Subject: 100th anniversary of the Ballets Russes.

As most of us know a number of U.S. ballet companies are celebrating Diaghilev's Ballets Russes this year. ...[snipped...] One-hundred years ago this Tuesday, May 19th @ 1:30 p.m. Central Daylight Time (8:30 p.m. Paris time), Diaghilev's Russian Ballet performed for the first time in public @ the Theatre du Chatelet to the social, artistic, and intellectual elite of Paris. From that day forward began the rise of ballet as a twentieth-century art form. Many great ballet figures, too numerous to name, were directly or indirectly affected by Diaghilev and his Ballets Russes. A new book has just been published on the subject, Joy Melville's _Diaghilev and Friends_ (London: Haus Publishing, 2009), available from amazon.com. Ms. Melville is a British journalist, but she pieces together most of the writings about the company published from the early 1930s onward. It is a good overview with few errors in it. I recommend it as a good primer for your students who might be interested in this period.

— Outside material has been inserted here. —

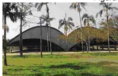
Figura 8 III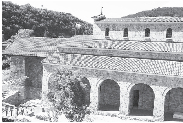
Църквата „Свети Четиридесет мъченици“ във Велико Търново, в която е обявен актът на независимостта

След Съединението през 1885 година България започва да се развива с темпове, които удивяват света. Възходът на младата

I remember that in the early 1960s at TCU David Preston re-staged Diaghilev's production of Rimsky-Korsakov's opera, "Le Coq d'Or, with the original dancing as conceived by Diaghilev and Mikhail Fokine, the first such staging of the opera since the Ballets Russes danced it. That staging was my introduction to Diaghilev's Ballets Russes. What was yours? So, I suggest at 1:30 p.m., Tuesday, May 19th, each of us pause (perhaps raise a glass as shall I) and think what we owe

to Marius Petipa, Lev Ivanov, Serge Diaghilev, Mikhail Fokine, and George Balanchine all because of Diaghilev on that night in Paris a century ago as the curtain rose. Then, perhaps, we should contemplate what our lives would have been like had not Diaghilev resurrected the art of ballet, and the ballet as an art form had never come into our lives.

Sincerely, John and Carol Gaston.

P.S. Indirectly, we are all heirs of the Ballets Russes, and our lives are the better for it, are they not?